Abstract
Epidemiologic research has shown that cutaneous markers of photo-damage are associated with risk of basal cell carcinoma (BCC). However, there has been no previous attempt to calculate pooled risk estimates. We conducted a systematic review and meta-analysis after extracting relevant studies published up to January 2013 from five electronic databases. Eligible studies were those that permitted quantitative assessment of the association between histologically confirmed BCC and actinic keratoses, solar elastosis, solar lentigines, or telangiectasia. Seven eligible studies were identified and summary odds ratios (ORs) were calculated using both random and quality effects models. Having more than ten actinic keratoses was most strongly associated with BCC, conferring up to a fivefold increase in risk (OR: 4.97; 95% CI: 3.26–7.58). Other factors, including solar elastosis, solar lentigines, and telangiectasia had weaker but positive associations with BCC with ORs around 1.5. Markers of chronic photo-damage are positively associated with BCC. The presence of actinic keratoses was the most strongly associated with BCC of the markers examined. This work highlights the relatively modest association between markers of chronic ultraviolet exposure and BCC. Cancer Epidemiol Biomarkers Prev; 22(9); 1483–9. ©2013 AACR.
Introduction
Basal cell carcinoma (BCC) is the most commonly diagnosed cancer in Caucasian populations. BCC is not routinely captured in registries, but it is nevertheless clear that the incidence rates of BCC vary significantly around the world, ranging from 2 in east Asia to 1,600/100,000 per year in Queensland, Australia (1–7). The incidence rates seem to be increasing in several populations (8–11). Although mortality from BCC is low, morbidity can be considerable. Arguably, the greatest burden, however, is on health system budgets. The total annual cost of managing keratinocyte cancers has been estimated to be about 500 million dollars in Australia (12), and as BCCs account for more than 70% of all keratinocyte cancers (13), they are likely to account for a large proportion of this total cost.
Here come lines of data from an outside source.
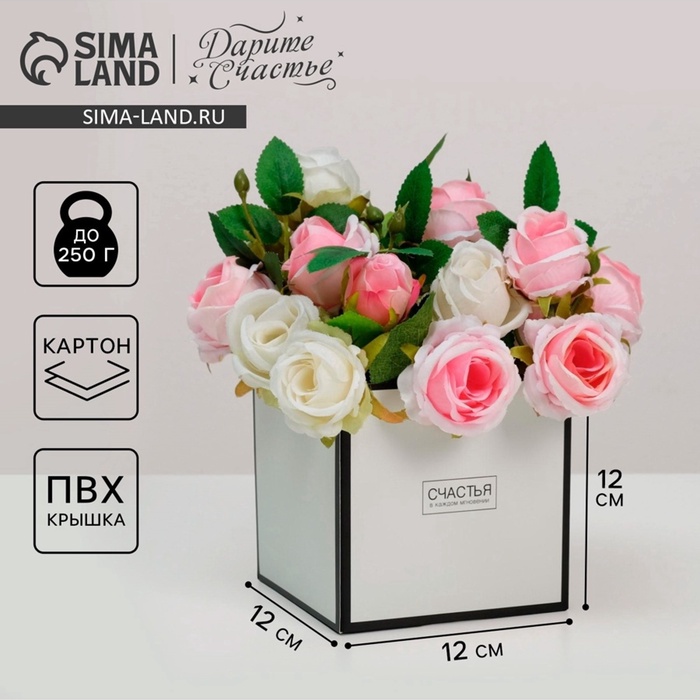 Коробка подарочная для цветов с пластиковой крышкой, упаковка, «Счастья в каждом мгновении», 12×12×12 см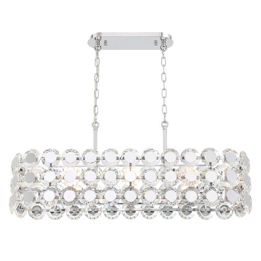 EurofaseFeatures Finish: Chrome Shade Color: Clear Crystal Material: Steel Voltage: 120V Dimmable Dimensions Length: 40" Width: 11" Height: 16" Chain Le...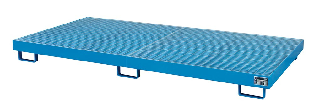 Regalwanne f. Trägerlänge 2200 mm, m. verz. Gitterrost, BxTxH 2150x1300x225 mm, Volumen 240 l, RAL 5012 E1987196
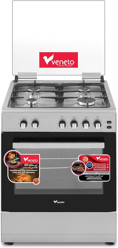 Veneto 60cm 4 Burner Gas Cooker with Wide Cast Iron Pan Support, Closed Door Grilling, Made in Turkey - VG66C

The personal and health system costs of BCC emphasize the need for scientific inquiry into better understanding the causes of these common cancers.
Ultraviolet radiation (UVR) is the major etiologic agent in the pathogenesis of BCC (14–16). However, while comparisons of BCC incidence between fair-skinned populations living in regions with different ambient UVR highlight the importance of sun exposure, studies of personal sun exposure suggest lower levels of risk, with typically less than a doubling in risk with high self-reported levels of sun exposure (17). There is a plateau of BCC incidence with age and a reportedly stronger association with recreational than with occupational or total exposure (15), and it has been suggested that childhood might represent a critically important exposure window (14). In addition, while BCC occurs predominantly on the head and neck, approximately 25% arise on less sun-exposed body sites such as the trunk (18–21). This is in contrast with squamous cell carcinoma (SCC) where only 8% of lesions occur on the trunk (18) and the strongest risks seem to result from a lifetime of high sun exposure (22).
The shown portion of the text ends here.